What is Superannuation?

Superannuation is the system used in Australia to save for retirement; contributions are made during a person’s working life, and accumulate over time to provide a fund that will finance their retirement years. The system consists of the compulsory payments required of employers, government contributions in some circumstances and also personal contributions from those who want to top up their fund.

Superannuation Guarantee

The Superannuation Guarantee represents the compulsory system of superannuation support for Australian employees, paid for by employers, which was introduced in 1992.

Employers pay a percentage of the ordinary time earnings of their employees (including part-time and casual employees) who are aged over 18, and who are paid $450 (before tax) in a month, into a complying superannuation fund or retirement savings account.

How is superannuation managed?

Superannuation is paid into a superannuation fund.
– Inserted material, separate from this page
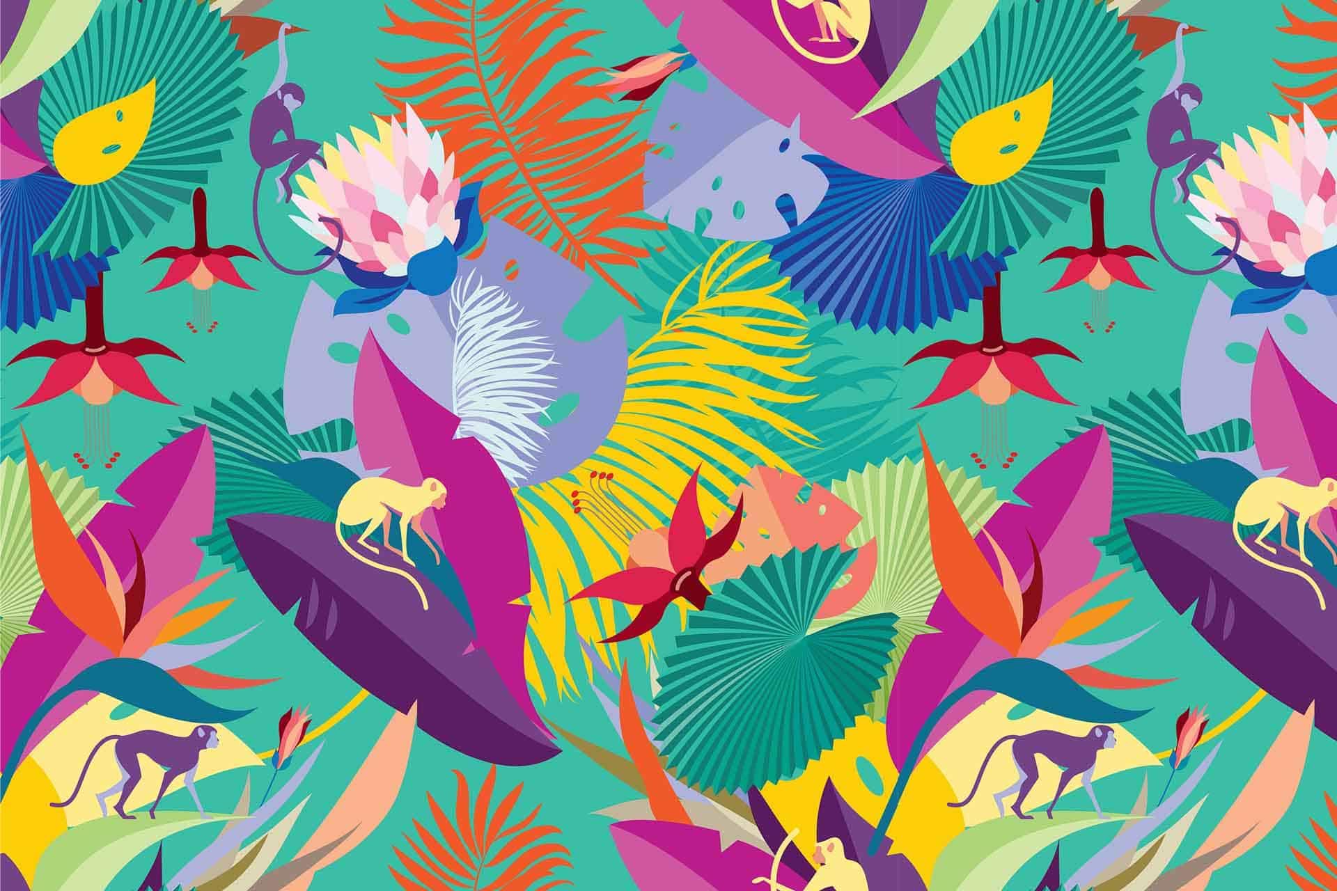 Vibrant floral and bird wallpaper featuring colorful flowers and birds in lively patterns, with bold hues of pink, green, blue, and yellow creating a dynamic focal point in the room.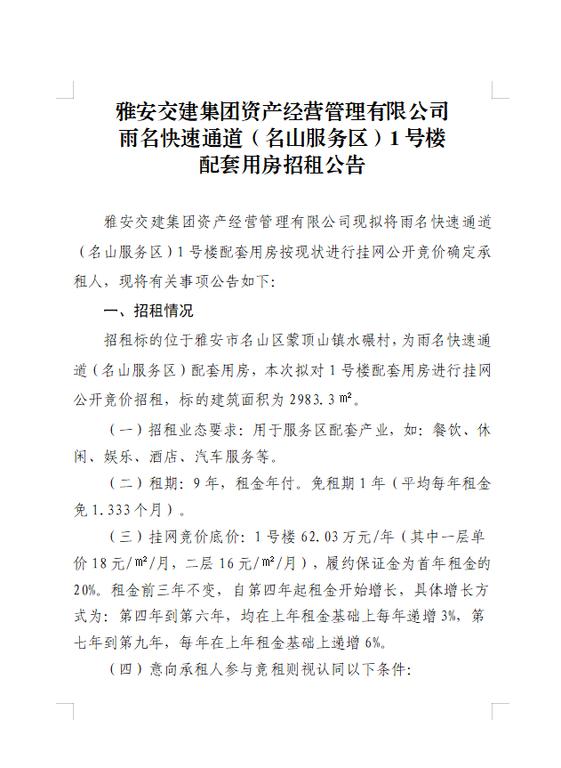 DB视讯 集团资产经营管理有限公司雨名快速通道(名山服务区)1号楼配套用房招租公告

There are a number of types of fund, which vary greatly in complexity and risk profile; these funds are heavily regulated.You are free to choose into which type of account you invest your superannuation payments; equally, you are under no obligation to research and choose a fund yourself, and can simply let your employer pay into a fund of their choosing.

The superannuation fund chosen by the employer must be a MySuper account, a simple, low-cost fund which is easy to understand; these accounts were introduced in July 2013, when it was recognised that approximately 83% of people don’t actively choose their fund, and prefer to leave that choice to their employer. The exception to the rule is existing accounts, which have until July 2017 to become MySuper compliant.

How to contribute

Contributions can be concessional (pre-tax) or non-concessional (post-tax). Concessional payments include employer contributions and salary sacrifice payments; they are called concessional as payments made up to the cap of $30,000 ($35,000 if you are over 49)are taxed at a concessional rate of 15%. Non concessional payments are effectively personal contributions from taxed income, and are also subject to a cap, albeit much higher than that for concessional contributions. Contributions in excess of cap are subject to additional tax and, in the case of excessive concessional contributions, also an interest charge.


You can be as active in your superannuation as you wish; you can either let your employer make the compulsory payments into their chosen fund, or you can fully engage by choosing a fund yourself, making salary sacrifice and additional payments, and monitoring your account to ensure that you get the best returns on your investment. There are also options between the two extremes, which include pre-tax salary sacrifice payments, and payments made from post-tax earnings.

Superannuation is how you invest in your future by saving for your retirement; you will pay into your fund during your working life, and when you reach retirement age, your fund should be sufficient to provide you with adequate income during your retirement years. Your decisions during your working life will have a big impact on your financial wellbeing during retirement, and are best taken after taken independent financial advice.